- Born: 1 July 1898 Budkowo, Poland
- Died: 9 January 1945 (aged 46) Frankfurt, Germany
- Cause of death: Execution by guillotine
- Children: Bronisława Juszczykowska (born 1924)
- Honours: Righteous Among the Nations, Called by Name

= Karolina Juszczykowska =

Polish Righteous Among the Nations

Karolina Juszczykowska (1 July 1898 – 9 January 1945) was a Polish worker in the kitchen division of Organisation Todt who was executed for hiding two Jews during The Holocaust. She was posthumously recognized as Righteous Among the Nations in 2011 and by Called by Name project in 2020.

== Life ==
Karolina Juszczykowska was born on 1 July 1898 in Budkowo, Poland. She lived with her parents until she was 13, before moving to Germany where she worked for the next 5 years on a farm in Mecklenburg.

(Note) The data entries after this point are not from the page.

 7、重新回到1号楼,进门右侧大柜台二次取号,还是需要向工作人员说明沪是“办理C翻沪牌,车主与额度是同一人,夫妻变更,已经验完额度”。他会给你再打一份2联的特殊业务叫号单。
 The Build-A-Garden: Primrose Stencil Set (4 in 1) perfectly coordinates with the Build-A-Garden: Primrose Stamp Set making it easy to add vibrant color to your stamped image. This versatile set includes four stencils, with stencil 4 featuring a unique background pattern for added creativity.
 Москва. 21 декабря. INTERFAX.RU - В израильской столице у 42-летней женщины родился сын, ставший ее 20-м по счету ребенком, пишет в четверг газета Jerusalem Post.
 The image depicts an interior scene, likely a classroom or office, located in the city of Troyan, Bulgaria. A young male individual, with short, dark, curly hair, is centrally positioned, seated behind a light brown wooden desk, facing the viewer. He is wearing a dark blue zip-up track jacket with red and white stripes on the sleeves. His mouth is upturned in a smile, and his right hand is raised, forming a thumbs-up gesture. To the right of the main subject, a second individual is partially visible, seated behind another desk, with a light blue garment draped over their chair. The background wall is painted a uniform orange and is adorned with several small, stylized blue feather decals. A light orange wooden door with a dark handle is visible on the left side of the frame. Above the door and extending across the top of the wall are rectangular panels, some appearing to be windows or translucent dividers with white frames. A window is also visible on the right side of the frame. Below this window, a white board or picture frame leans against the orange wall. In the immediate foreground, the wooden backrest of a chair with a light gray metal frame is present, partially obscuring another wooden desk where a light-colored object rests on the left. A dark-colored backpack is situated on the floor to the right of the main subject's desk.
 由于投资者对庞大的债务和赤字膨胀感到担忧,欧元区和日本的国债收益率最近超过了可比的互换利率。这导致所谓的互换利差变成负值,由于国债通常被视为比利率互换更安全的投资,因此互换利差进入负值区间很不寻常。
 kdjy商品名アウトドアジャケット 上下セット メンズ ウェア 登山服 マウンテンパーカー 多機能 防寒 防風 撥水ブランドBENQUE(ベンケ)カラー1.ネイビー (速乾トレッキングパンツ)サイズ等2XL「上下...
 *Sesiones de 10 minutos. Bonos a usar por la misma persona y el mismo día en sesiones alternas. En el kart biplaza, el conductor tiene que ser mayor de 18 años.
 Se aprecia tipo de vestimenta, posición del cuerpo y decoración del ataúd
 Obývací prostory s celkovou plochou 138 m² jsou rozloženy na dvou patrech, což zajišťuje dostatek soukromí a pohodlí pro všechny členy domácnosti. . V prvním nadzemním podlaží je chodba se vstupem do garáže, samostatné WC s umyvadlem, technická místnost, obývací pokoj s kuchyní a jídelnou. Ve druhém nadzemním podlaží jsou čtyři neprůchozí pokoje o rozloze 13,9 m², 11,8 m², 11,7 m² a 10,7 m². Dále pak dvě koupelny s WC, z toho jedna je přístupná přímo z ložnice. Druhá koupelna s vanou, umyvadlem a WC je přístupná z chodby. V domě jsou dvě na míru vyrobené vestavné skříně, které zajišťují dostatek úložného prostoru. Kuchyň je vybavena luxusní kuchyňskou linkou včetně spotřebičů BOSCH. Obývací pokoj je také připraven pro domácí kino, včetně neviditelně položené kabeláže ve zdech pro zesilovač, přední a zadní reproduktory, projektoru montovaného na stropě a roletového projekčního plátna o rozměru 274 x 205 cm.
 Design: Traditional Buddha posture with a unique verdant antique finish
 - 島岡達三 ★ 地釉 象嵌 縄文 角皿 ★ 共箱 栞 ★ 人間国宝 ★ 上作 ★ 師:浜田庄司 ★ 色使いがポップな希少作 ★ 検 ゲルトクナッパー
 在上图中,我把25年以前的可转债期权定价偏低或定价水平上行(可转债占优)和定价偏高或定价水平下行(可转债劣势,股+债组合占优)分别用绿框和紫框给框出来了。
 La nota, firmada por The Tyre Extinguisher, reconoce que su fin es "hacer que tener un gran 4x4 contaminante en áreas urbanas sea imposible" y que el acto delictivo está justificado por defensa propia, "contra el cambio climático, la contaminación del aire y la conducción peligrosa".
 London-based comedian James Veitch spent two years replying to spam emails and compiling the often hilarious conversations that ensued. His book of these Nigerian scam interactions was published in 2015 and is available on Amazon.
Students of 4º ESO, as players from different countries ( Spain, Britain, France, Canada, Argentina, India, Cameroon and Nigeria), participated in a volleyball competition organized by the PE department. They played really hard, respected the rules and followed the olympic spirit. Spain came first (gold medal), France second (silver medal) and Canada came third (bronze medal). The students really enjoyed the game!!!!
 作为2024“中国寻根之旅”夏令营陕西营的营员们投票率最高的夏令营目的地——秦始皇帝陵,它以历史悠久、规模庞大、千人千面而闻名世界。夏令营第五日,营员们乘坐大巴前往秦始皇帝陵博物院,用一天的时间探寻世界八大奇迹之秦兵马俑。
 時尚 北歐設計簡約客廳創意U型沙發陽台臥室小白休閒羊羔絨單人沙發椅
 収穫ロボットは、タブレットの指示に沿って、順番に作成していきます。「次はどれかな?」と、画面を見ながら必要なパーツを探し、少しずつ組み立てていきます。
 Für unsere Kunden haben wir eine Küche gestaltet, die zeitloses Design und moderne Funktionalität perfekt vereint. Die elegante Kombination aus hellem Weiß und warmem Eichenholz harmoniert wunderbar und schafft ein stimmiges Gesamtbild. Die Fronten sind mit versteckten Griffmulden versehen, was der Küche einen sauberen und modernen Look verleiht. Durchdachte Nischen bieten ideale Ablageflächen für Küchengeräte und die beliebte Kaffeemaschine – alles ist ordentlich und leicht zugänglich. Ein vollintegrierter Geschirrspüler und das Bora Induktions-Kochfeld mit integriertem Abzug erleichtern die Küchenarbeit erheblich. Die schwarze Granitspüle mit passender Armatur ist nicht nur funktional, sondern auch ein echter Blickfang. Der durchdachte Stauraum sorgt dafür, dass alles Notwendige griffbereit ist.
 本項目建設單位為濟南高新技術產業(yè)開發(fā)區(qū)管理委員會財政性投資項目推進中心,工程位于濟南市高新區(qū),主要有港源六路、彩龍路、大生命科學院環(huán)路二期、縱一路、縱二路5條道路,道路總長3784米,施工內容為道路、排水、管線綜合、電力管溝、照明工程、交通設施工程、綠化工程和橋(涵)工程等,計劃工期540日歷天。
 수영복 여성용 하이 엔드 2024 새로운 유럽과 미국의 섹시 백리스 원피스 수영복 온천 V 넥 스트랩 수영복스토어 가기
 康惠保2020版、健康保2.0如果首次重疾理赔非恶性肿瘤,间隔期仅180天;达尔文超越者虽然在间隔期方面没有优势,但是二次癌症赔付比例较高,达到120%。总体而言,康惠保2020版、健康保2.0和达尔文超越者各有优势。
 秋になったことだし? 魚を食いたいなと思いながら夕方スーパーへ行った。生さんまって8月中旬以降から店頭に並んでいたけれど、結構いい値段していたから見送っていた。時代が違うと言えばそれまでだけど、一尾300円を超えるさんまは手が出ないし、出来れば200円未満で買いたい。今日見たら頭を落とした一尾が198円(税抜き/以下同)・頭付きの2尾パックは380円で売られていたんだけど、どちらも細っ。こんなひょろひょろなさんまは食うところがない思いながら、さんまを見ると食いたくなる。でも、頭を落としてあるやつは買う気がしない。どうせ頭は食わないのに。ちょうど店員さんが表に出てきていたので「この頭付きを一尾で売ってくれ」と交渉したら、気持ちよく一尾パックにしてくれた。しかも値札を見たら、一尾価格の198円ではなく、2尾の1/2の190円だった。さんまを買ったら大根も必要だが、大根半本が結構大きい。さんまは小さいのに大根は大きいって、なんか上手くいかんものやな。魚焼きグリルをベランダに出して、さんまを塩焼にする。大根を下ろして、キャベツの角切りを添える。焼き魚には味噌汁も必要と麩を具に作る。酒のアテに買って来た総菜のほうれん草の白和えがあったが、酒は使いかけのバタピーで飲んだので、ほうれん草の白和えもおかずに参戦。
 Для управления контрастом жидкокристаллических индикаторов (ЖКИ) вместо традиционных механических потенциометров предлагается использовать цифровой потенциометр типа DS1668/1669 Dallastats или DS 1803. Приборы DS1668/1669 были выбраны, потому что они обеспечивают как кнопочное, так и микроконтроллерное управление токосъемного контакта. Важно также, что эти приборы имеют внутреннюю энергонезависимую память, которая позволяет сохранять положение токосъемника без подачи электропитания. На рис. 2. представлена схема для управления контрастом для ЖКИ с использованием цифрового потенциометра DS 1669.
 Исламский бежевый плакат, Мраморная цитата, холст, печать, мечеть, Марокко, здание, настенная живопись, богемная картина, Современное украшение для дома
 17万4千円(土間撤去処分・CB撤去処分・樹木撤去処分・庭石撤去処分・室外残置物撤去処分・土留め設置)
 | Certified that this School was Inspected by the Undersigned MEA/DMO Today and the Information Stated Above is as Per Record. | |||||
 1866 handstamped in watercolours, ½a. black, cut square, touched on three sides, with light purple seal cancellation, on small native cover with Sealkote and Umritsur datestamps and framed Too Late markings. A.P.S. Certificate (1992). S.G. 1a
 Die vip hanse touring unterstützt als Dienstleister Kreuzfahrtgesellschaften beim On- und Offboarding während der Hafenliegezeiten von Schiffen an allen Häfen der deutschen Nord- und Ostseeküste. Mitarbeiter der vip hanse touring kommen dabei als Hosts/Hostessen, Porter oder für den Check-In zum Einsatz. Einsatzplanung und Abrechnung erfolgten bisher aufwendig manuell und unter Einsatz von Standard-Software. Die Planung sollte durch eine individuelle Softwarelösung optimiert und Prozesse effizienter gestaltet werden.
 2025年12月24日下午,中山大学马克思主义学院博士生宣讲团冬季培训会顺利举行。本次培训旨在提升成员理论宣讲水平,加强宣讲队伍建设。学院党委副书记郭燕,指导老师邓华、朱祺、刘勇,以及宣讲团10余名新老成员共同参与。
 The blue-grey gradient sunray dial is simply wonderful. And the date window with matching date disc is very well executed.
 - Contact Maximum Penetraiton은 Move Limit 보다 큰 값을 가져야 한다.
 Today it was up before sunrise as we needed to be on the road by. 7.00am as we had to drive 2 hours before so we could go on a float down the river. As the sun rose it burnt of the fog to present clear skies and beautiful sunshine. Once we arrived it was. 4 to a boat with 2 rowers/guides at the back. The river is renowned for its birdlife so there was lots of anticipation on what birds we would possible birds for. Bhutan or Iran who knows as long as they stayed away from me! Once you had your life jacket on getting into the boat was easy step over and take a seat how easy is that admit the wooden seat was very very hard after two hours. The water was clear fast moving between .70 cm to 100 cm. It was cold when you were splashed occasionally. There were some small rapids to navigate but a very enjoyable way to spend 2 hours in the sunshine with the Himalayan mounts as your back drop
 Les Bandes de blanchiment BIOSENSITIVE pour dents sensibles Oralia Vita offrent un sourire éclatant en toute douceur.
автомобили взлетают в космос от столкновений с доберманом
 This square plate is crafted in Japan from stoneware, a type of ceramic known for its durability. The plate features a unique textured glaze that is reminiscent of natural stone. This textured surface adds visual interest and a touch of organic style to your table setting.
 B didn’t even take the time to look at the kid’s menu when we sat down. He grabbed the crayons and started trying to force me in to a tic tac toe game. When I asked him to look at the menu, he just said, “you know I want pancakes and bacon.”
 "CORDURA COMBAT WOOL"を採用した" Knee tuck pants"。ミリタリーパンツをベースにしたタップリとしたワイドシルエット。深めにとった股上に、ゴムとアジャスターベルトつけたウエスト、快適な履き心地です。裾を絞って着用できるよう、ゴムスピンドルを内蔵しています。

Five years later, she returned to Poland to live with her sister, staying with her until 1934. Before the start of World War II she was employed in road construction, afterwards she worked odd jobs throughout the war: first as a laundress, then a maid and finally for the kitchen division of Organisation Todt in Tomaszów Mazowiecki.

Juszczykowska said that she had met two Jewish men, named Janek and Paweł, who asked her to shelter them. She agreed, and let them hide in her house from the Nazis, where they lived in the basement and slept on the floor to avoid being seen. Six weeks later a raid followed, the two men were killed and Juszczykowska was brought into custody. Her twenty-year-old daughter, Bronisława, was conscripted into forced labor and sent to Germany.

In August 1944, she was sent to prison to await her trial. Two weeks later, her trial was held and the Piotrkow Sondergericht courts gave Juszczykowska a death sentence. The judges of the court believed that her sentence was pointless as all the Jews in the area had already been deported or killed. Recommending pardoning her they wrote, "It therefore seems to the court that the crime of the accused is not so grave as to justify her execution, especially in view of the fact that this sentence will not deter others.”

The request from the judges was denied and she was executed on 9 January 1945 at the Preungesheim prison in Frankfurt, Germany. In May 2011, she was recognized as Righteous Among the Nations by Yad Vashem and a plaque was dedicated to Juszczykowska near her apartment in 2020.